● Directions for this task: The records follow. Copy them exactly, but omit the pictures.
.....
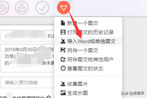 2、进入到了编辑界面后,点击如图所示的按钮,弹出的菜单中点击导入word或微信图文。
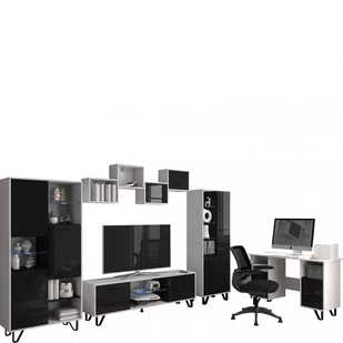 Zawartość zestawu: Biurko BOS-01, Półka BOS-07, Szafka wisząca BOS-08, Regał BOS-10, Regał BOS-11, Szafka RTV BOS-13;
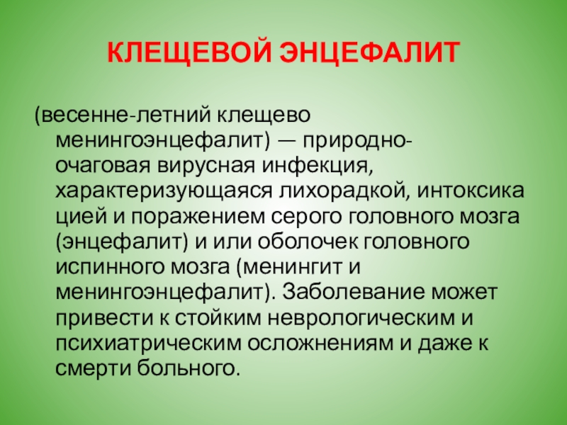 (весенне-летний клещево менингоэнцефалит) — природно-очаговая вирусная инфекция, характеризующаяся лихорадкой, интоксикацией и поражением серого головного мозга(энцефалит) и
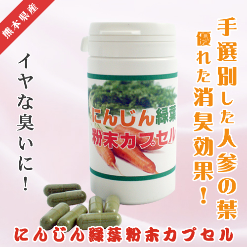 口臭・便の臭い・わきが・加齢臭など臭いが気になりませんか?しかも自分自信の体臭は気がつきにくく、無自覚のまま他人に迷惑をかけていることが多いこともあります。 体臭のイヤな臭いをもとから絶ってくれるのがニンジンの葉茶です!ニンジン緑葉は自然の素材で高い消臭効果を持つことが昔から言われています。 消臭作用の高いビタミンCを多く含んでいるので、ニンジン緑茶を飲めば、口臭、ワキガなどの臭いの原因となる物質を体の内側から消すことができます。 別の香りで体臭をごまかすのでなく、悪臭そのものを消し去ってくれるます!
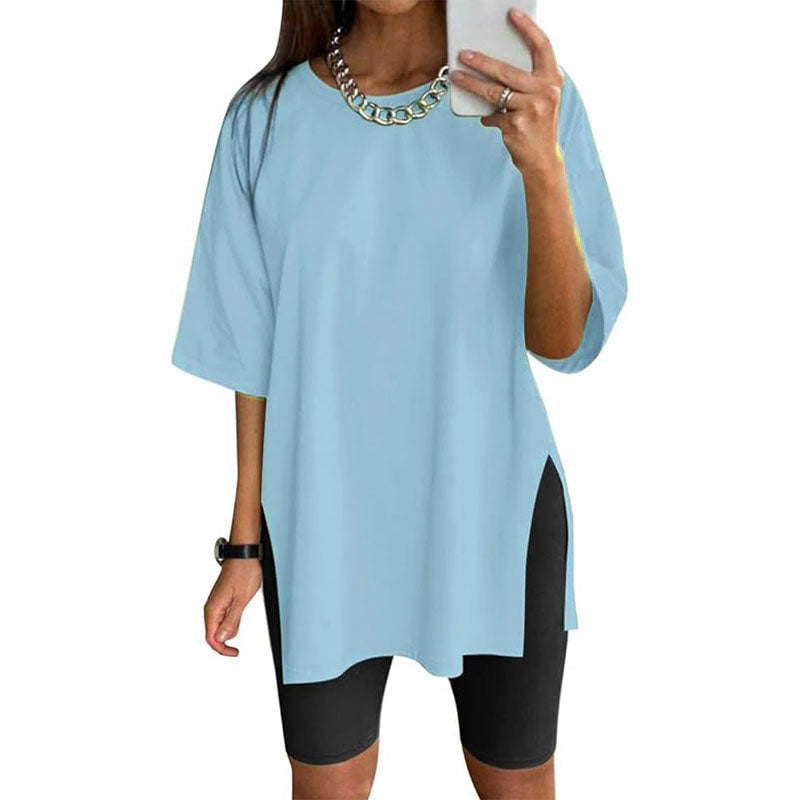 Paketet innehÄller : 1 * Casual  lös sidoslits  kortÀrmad t-shirt för kvinnor
.....
● Result of this task:
 2、进入到了编辑界面后,点击如图所示的按钮,弹出的菜单中点击导入word或微信图文。
 Zawartość zestawu: Biurko BOS-01, Półka BOS-07, Szafka wisząca BOS-08, Regał BOS-10, Regał BOS-11, Szafka RTV BOS-13;
 (весенне-летний клещево менингоэнцефалит) — природно-очаговая вирусная инфекция, характеризующаяся лихорадкой, интоксикацией и поражением серого головного мозга(энцефалит) и
 口臭・便の臭い・わきが・加齢臭など臭いが気になりませんか?しかも自分自信の体臭は気がつきにくく、無自覚のまま他人に迷惑をかけていることが多いこともあります。 体臭のイヤな臭いをもとから絶ってくれるのがニンジンの葉茶です!ニンジン緑葉は自然の素材で高い消臭効果を持つことが昔から言われています。 消臭作用の高いビタミンCを多く含んでいるので、ニンジン緑茶を飲めば、口臭、ワキガなどの臭いの原因となる物質を体の内側から消すことができます。 別の香りで体臭をごまかすのでなく、悪臭そのものを消し去ってくれるます!
 Paketet innehÄller : 1 * Casual  lös sidoslits  kortÀrmad t-shirt för kvinnor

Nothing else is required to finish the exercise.